- **EXERCISE OBJECTIVE**: Every line of the listing below is to be repeated exactly; the pictures stay out.

- **AVAILABLE DATA**:
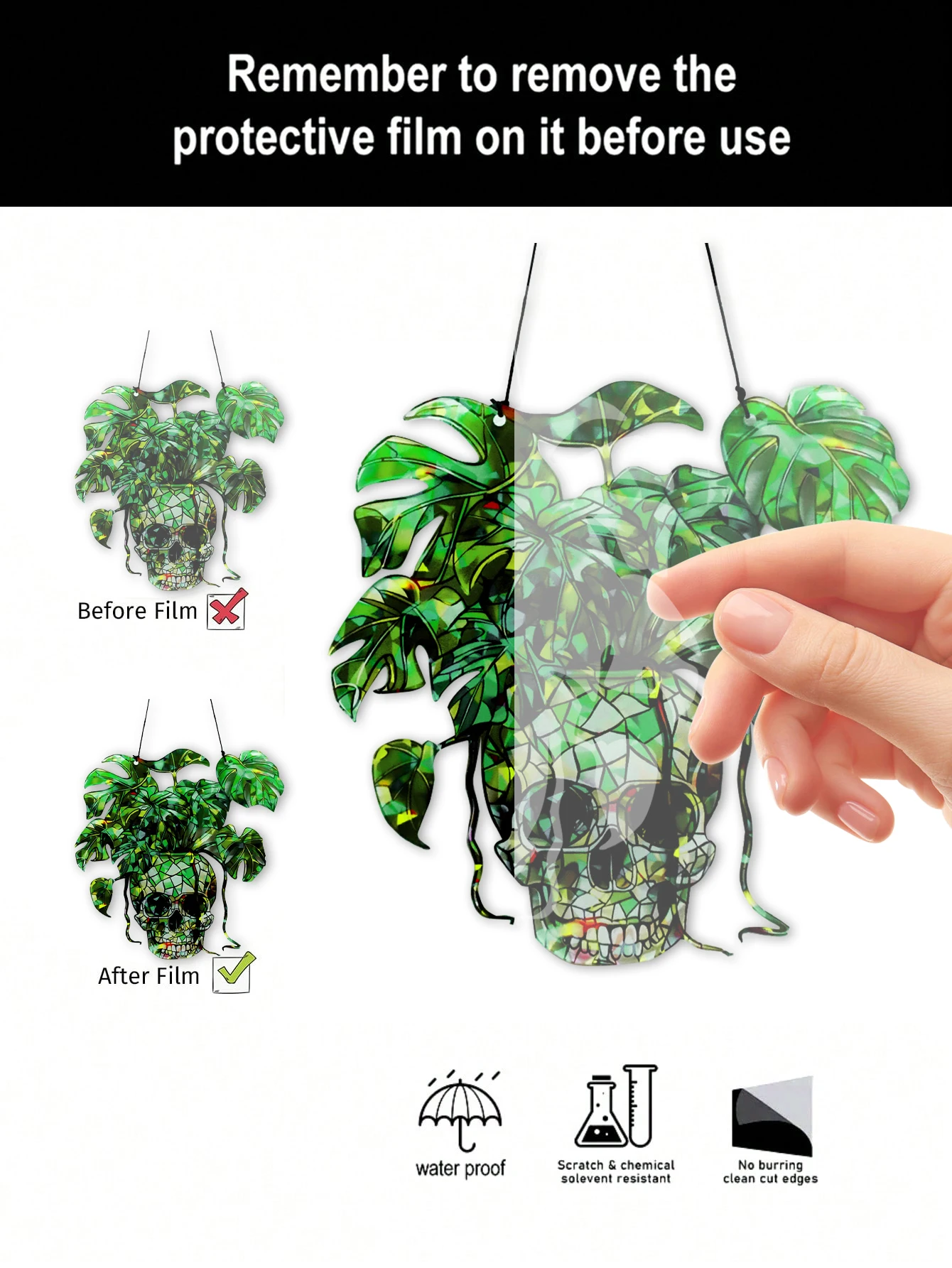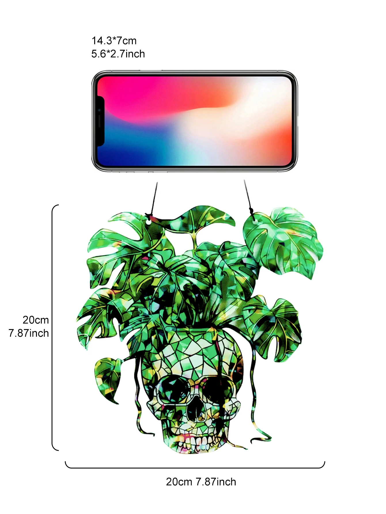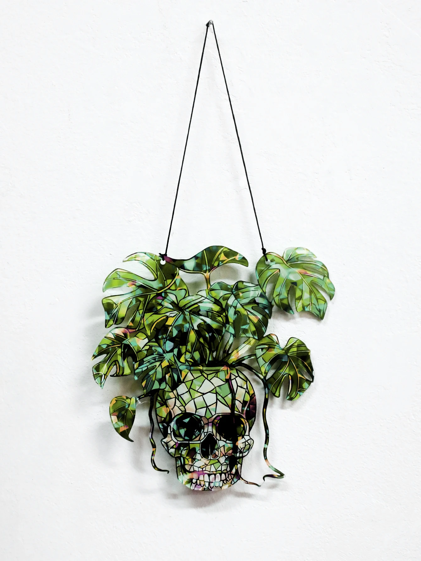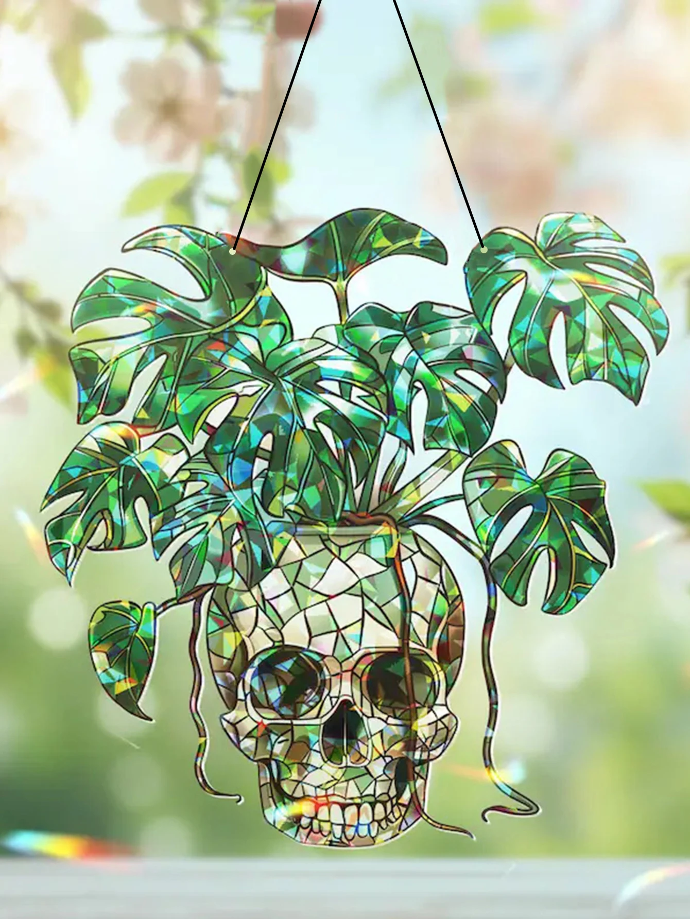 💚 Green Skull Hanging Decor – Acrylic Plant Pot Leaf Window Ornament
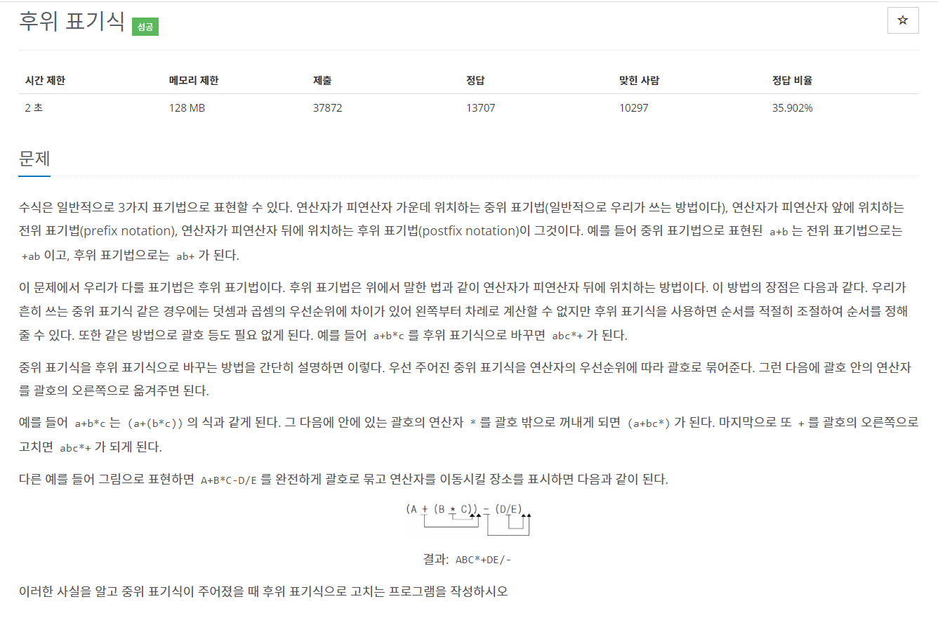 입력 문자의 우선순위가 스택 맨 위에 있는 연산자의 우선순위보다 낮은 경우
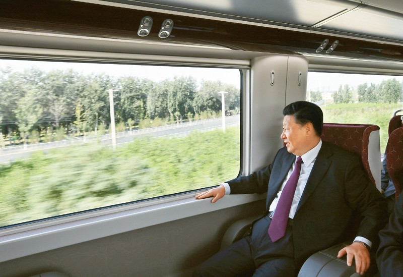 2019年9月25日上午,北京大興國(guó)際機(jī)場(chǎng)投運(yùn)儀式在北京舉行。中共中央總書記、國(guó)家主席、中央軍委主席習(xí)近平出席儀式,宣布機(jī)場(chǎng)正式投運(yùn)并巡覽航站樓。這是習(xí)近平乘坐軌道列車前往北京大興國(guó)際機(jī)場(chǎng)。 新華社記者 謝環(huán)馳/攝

- **ANSWER TO THE PROBLEM**:
 💚 Green Skull Hanging Decor – Acrylic Plant Pot Leaf Window Ornament
 입력 문자의 우선순위가 스택 맨 위에 있는 연산자의 우선순위보다 낮은 경우
 2019年9月25日上午,北京大興國(guó)際機(jī)場(chǎng)投運(yùn)儀式在北京舉行。中共中央總書記、國(guó)家主席、中央軍委主席習(xí)近平出席儀式,宣布機(jī)場(chǎng)正式投運(yùn)并巡覽航站樓。這是習(xí)近平乘坐軌道列車前往北京大興國(guó)際機(jī)場(chǎng)。 新華社記者 謝環(huán)馳/攝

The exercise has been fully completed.